In a press release, the leaders observed that, under REMS, the drug “cannot legally be sold in pharmacies or online due to the risk of serious complications.”

However, websites such as AidAccess and Rablon sell and distribute the drugs regularly.

“This is a medication that definitely has dangers associated with it,” Dr. Christina Francis, an Indiana-based OB/GYN and chairman of the board of the American Association of Pro-Life Obstetricians and Gynecologists (AAPLOG), told EWTN Pro-Life Weekly recently.

Francis said some immediate complications of mifepristone could be “hemorrhage, the immediate possibility of infection, and the possibility of failure, where the pregnancy doesn’t fully pass from the medication and then leading to sometimes the requirement for emergent surgery for that woman because of either ongoing bleeding or the risk of infection.”

Francis added that because of the uncertainties associated with the pandemic, many women “are being influenced by fear right now, and this is being perpetuated by the abortion industry.”

One Planned Parenthood official in New York state touted that the organization’s new tele-abortion service is so much in demand that one mother began her drug-induced abortion “at home with her children running around behind her.”

Dr. Meera Shah, chief medical officer of Planned Parenthood Hudson Peconic, told the Associated Press (AP), “We provided a medication abortion to an EMT while she was sitting in her ambulance. We provided abortion care to a mother who was at home with her children running around behind her.”

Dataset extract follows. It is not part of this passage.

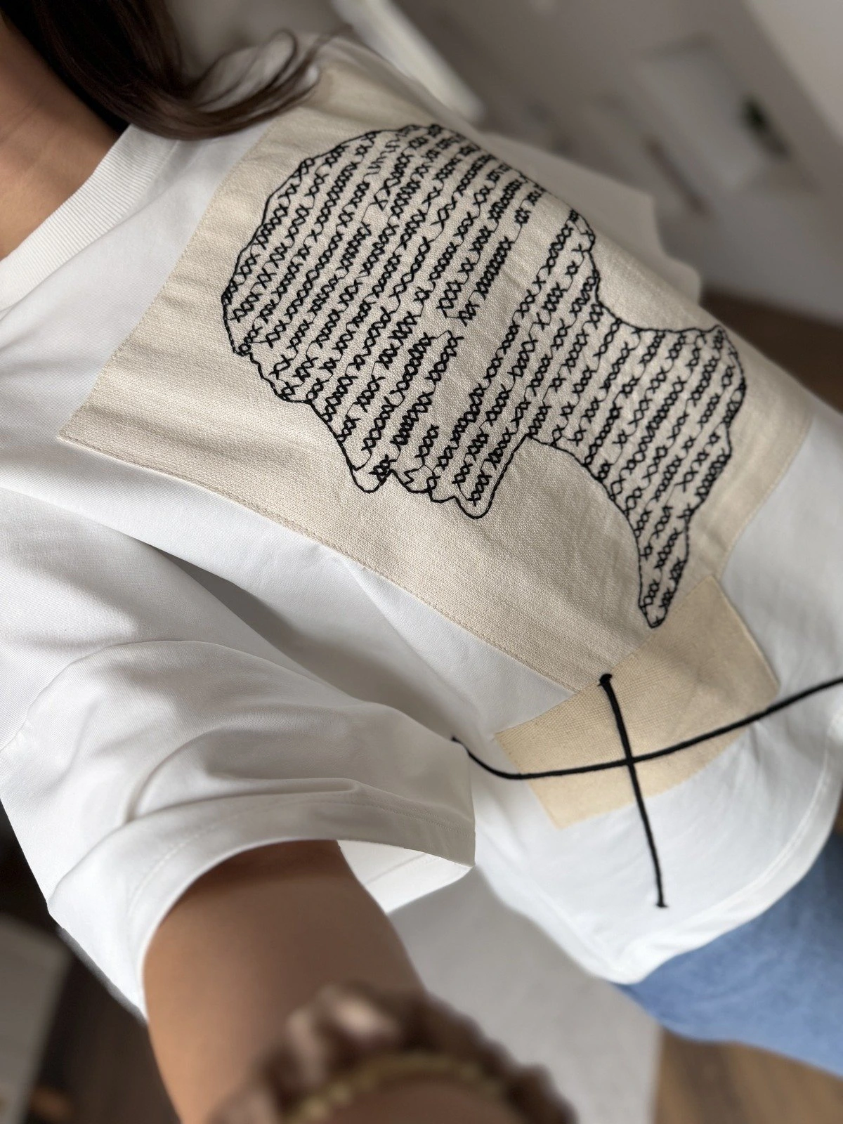 ÖN YÜZ NAKIŞ PARÇA KUMAŞ KISA KOL SALAŞ PAMUK SWEAT – EKRU
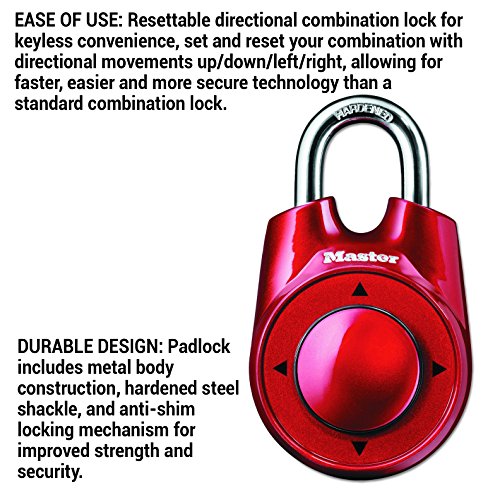 - EASE OF USE: Resettable directional combination lock for keyless convenience, set and reset your combination with directional movements up/down/left/right, allowing for faster, easier and more secure technology than a standard combination lock

Former abortionist Dr. Anthony Levatino explained in his videos about various abortion procedures that mifepristone blocks the action of progesterone, which the mother’s body produces to nourish the pregnancy. When progesterone is blocked, the lining of the mother’s uterus deteriorates, and blood and nourishment are cut off to the developing baby, who then dies inside the mother’s womb.

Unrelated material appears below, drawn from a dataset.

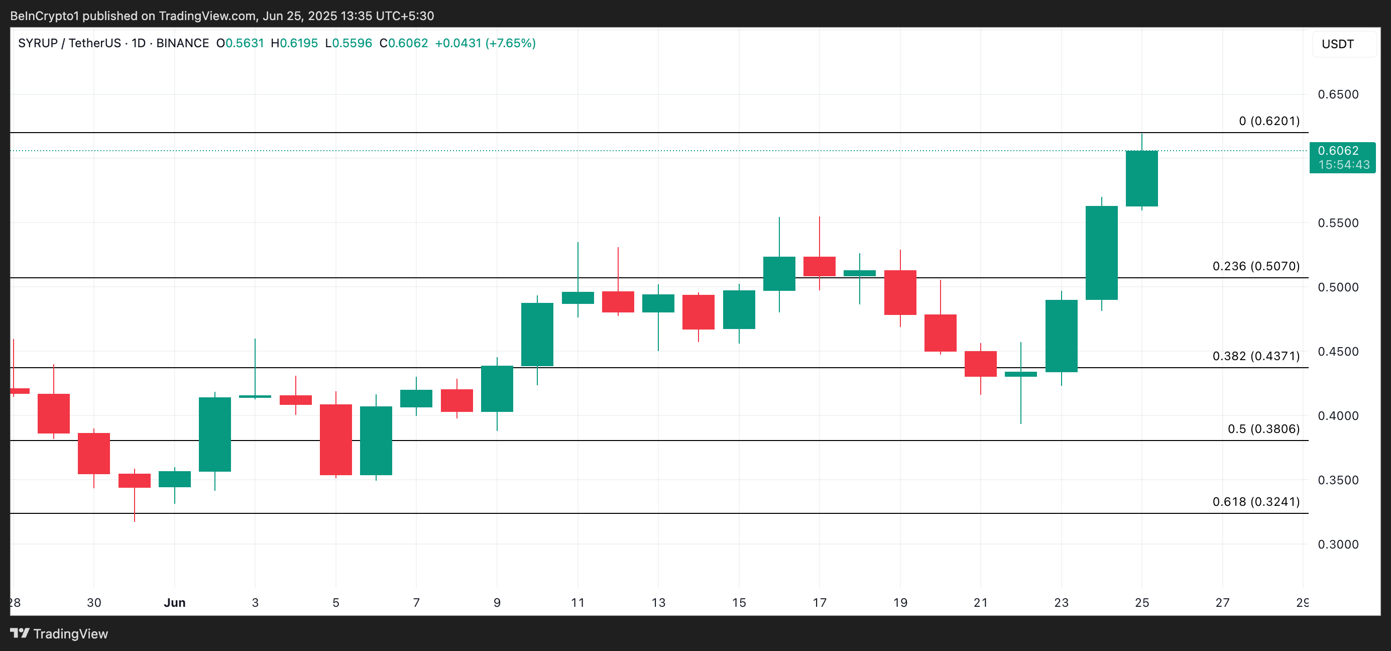 When the Aroon Up line is at 100%, the asset has reached a recent high within the lookback period, typically 25 periods. This is the case with SYRUP, which has registered a new all-time high of $0.6195 during today’s trading session.

The drug misoprostol (also called Cytotec) then causes contractions and bleeding to expel the baby from the mother’s uterus.

Family Research Council President Tony Perkins wrote that, as a result of Planned Parenthood’s tele-abortion service, more women will have at-home “chemically-induced procedures that carry significant risks”:

They tell women that it’ll be simple, natural, safe, and private process. They’ll recover in a day, maybe two. What they don’t tell them is that they might deliver a tiny, perfectly-formed child. Or that they’ll experience labor pains, heavy bleeding, vomiting, or lose consciousness. They don’t talk about the depression, anger, anxiety, panic attacks, and substance abuse that follow. Or the weeks to months of recovery time, usually managed alone.

“This is Planned Parenthood’s ‘silver lining,’” Perkins said. “Babies who don’t have a chance at life, women who are haunted and harmed.”